How I Became a Drum Maker
I have always been attracted to drums; they are living beings to me.
As a child I spent summer evenings with my parents watching native dance performances at local community events. The sounds from shell leggings, tin jingles, rattles and dance drums are some of my first musical impressions. As a Junior High school art teacher, I attended pow wows with a First Nations family whose children were in my art classes. Their willingness to include me in their culture’s indigenous art forms gave me opportunities to watch native hoop drums being played, and ceremonial drums being assembled and prepared.
In 1986 I was invited to join a shamanic drumming circle but I seemed unable to ‘journey’ by visualizing. Another member of the circle went to his power animals to ask “Why is Kristen blind?” He returned with the answer, “It’s the wrong drum. She has to make her own.” This man (who had never built a drum and did not know me before this experience) brought back detailed instructions of where I was to find materials and how I was to proceed. Although at first I received advice from an Ojibwa friend, a MicMac medicine woman, and my First Nations students at the Nova Scotia College of Art and Design where I was teaching, I have never claimed my drums were “native.” I believe this would be disrespectful to the help and friendship that was shown me.
I understand my drum making is a rite of passage which draws from many paths of spiritual practice. In learning how to make a drum, I have become a co creator with the Life Force in the reincarnation of skin and wood into voice. Although I am trained as a visual artist and art educator, I am self-taught by my life experiences to be a frame drum maker.
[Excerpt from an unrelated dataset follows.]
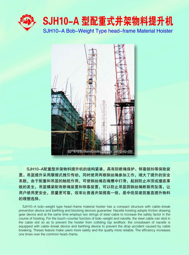 该机结构紧凑,具有防断绳保护、停*锁扣等保险装置,质量可*、效率比普通井架高一倍,是中低层建筑垂直运输的理想选择。
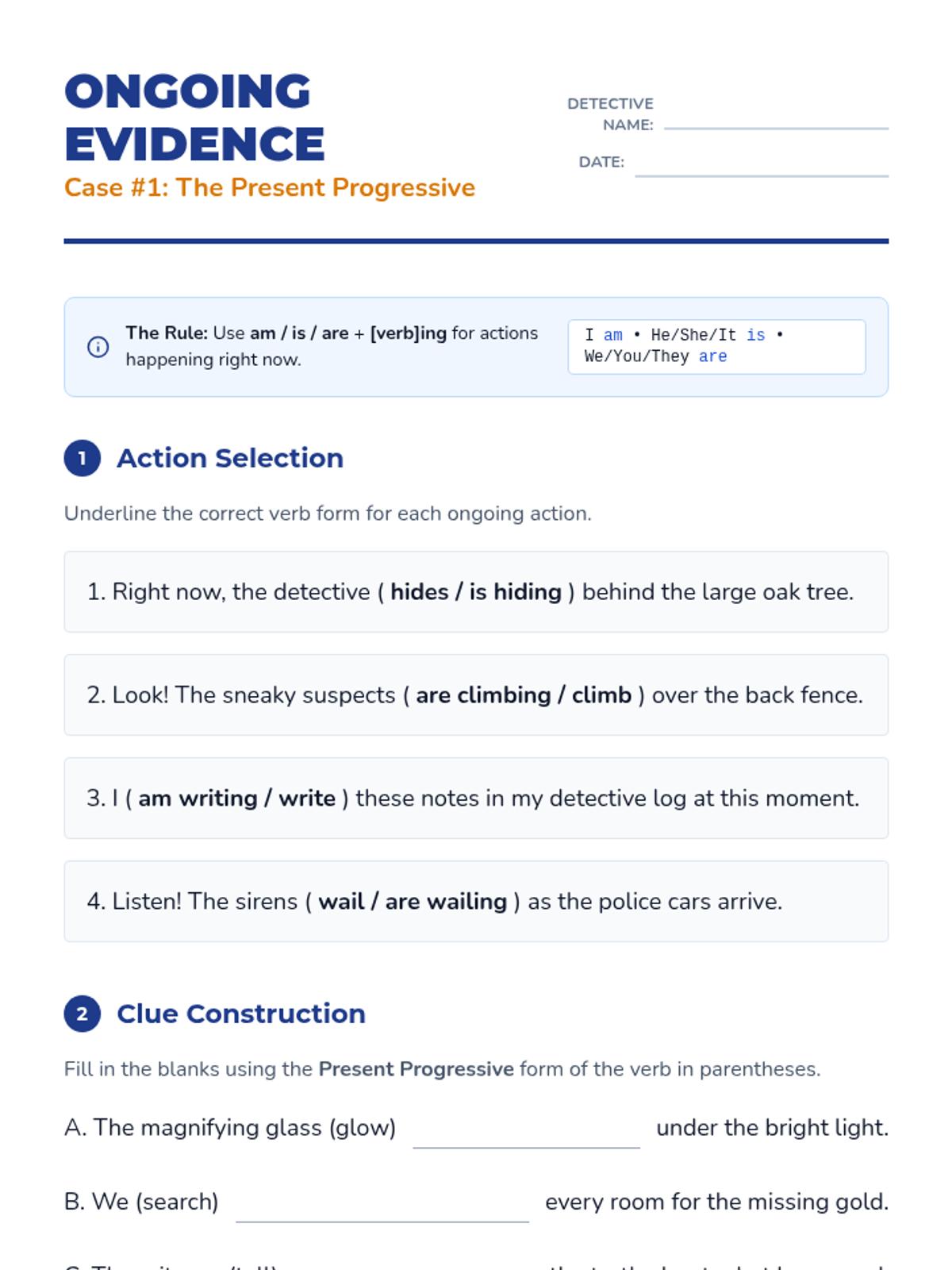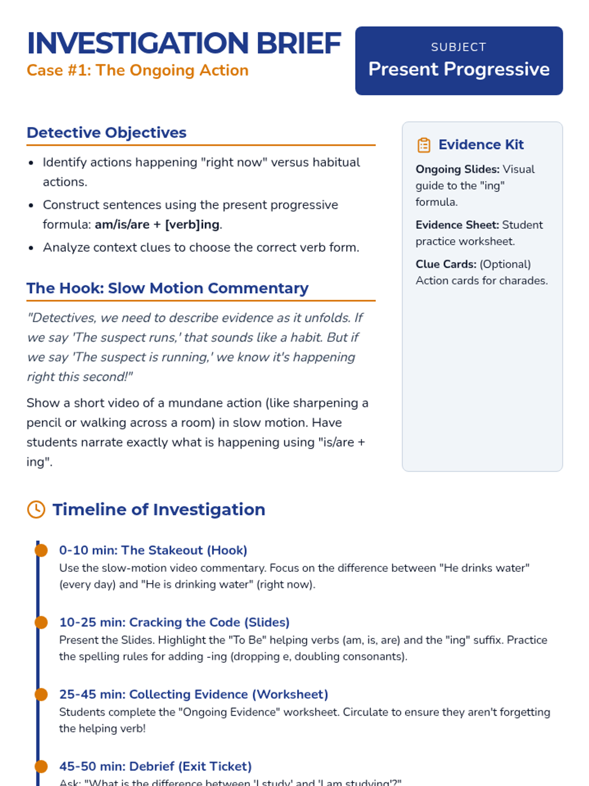 A 5-lesson unit for 3rd grade students introducing progressive and perfect verb tenses using a 'Time Detective' theme. Students learn to distinguish between ongoing, interrupted, and completed actions to improve their writing precision.

When I finish building a drum, I take it outside and show it to the four Directions, then claim it with my breath, then display it again to the Directions as my child. After this I touch the new drum to a natural presence—a rock, tree, flower, water—and let the energy of my effort flow into the earth as a gift of food for the Holy. I received this drum ceremony from the first drum I made. I consider myself taught by the drums themselves to be a drum maker. This is as it should be, because I believe the only appropriate credentials a drum maker can have, ultimately, are the voices of her drums.